* WHAT TO DO
Print, please, exactly the lines from the one with "You can apply" through the final line of the data below, with both ends included and the pictures left out.

* DATASET EXCERPT
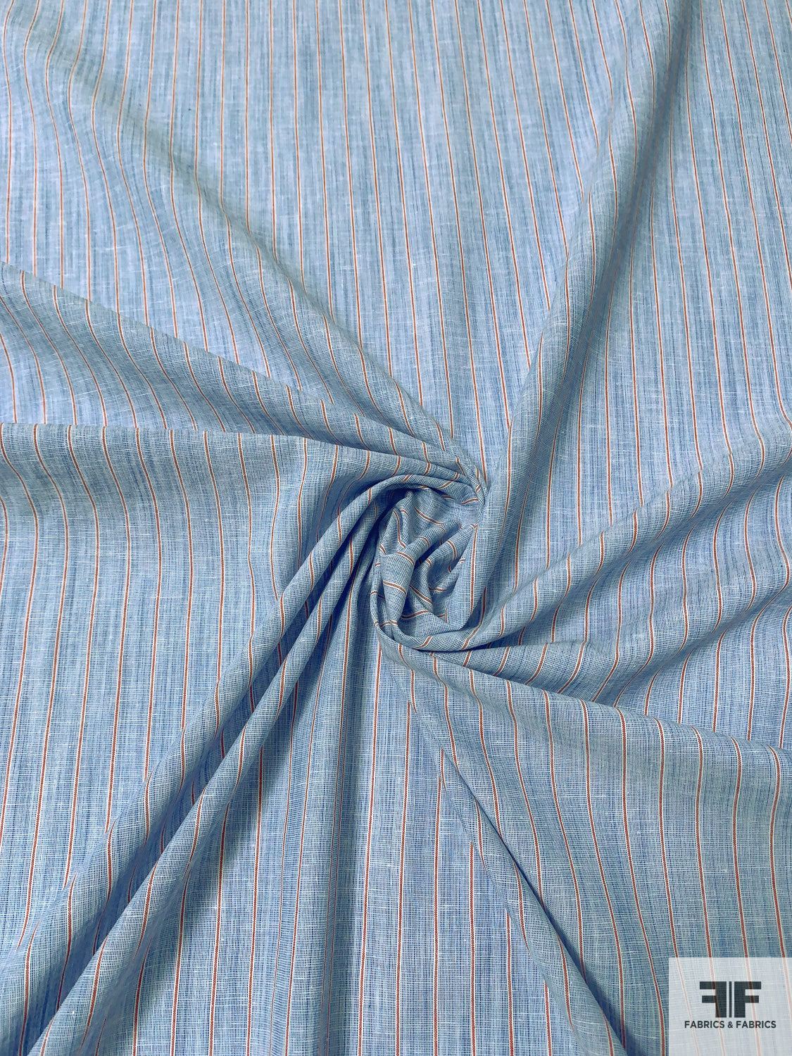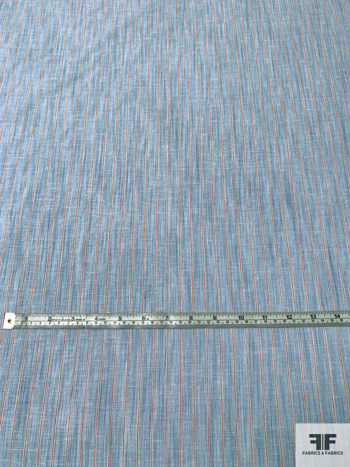 Vertical Striped Yarn-Dyed Soft Cotton Shirting - Blue / Rust / White
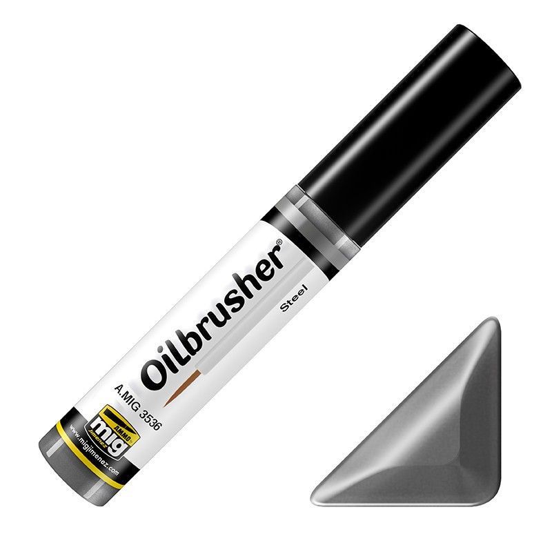 You can apply a perfect metal finish using the new Oilbrusher oil colors. Many parts of our models have a steel finish. Realism can be achieved easily with this reference, either using it directly, or applied over other metallic colors to alter the tone.
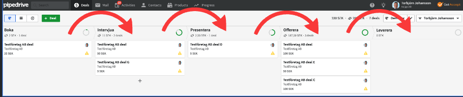 Många säljorganisationer mäter "bara" uppnådda avslut månadsvis. I min liknelse skulle det innebära att Vasaloppsåkaren bara klockar sluttiden utan mellantider. Det skulle kunna innebära att han fastnar i snöret på någon kontroll och inte kan slutföra Vasaloppet. Om man istället mäter förflyttningarna i realtid mellan varje steg i säljprocessen så upptäcker man snabbt om man är i balans eller inte (kolla ringarna i varje processteg). Det blir tydligt vilka delar som sackar efter och vart säljarna behöver fokusera sin ansträngning för att få en långsiktigt hållbar pipeline och säljutfall. Genialt eller hur?

* ANSWER BELOW
 You can apply a perfect metal finish using the new Oilbrusher oil colors. Many parts of our models have a steel finish. Realism can be achieved easily with this reference, either using it directly, or applied over other metallic colors to alter the tone.
 Många säljorganisationer mäter "bara" uppnådda avslut månadsvis. I min liknelse skulle det innebära att Vasaloppsåkaren bara klockar sluttiden utan mellantider. Det skulle kunna innebära att han fastnar i snöret på någon kontroll och inte kan slutföra Vasaloppet. Om man istället mäter förflyttningarna i realtid mellan varje steg i säljprocessen så upptäcker man snabbt om man är i balans eller inte (kolla ringarna i varje processteg). Det blir tydligt vilka delar som sackar efter och vart säljarna behöver fokusera sin ansträngning för att få en långsiktigt hållbar pipeline och säljutfall. Genialt eller hur?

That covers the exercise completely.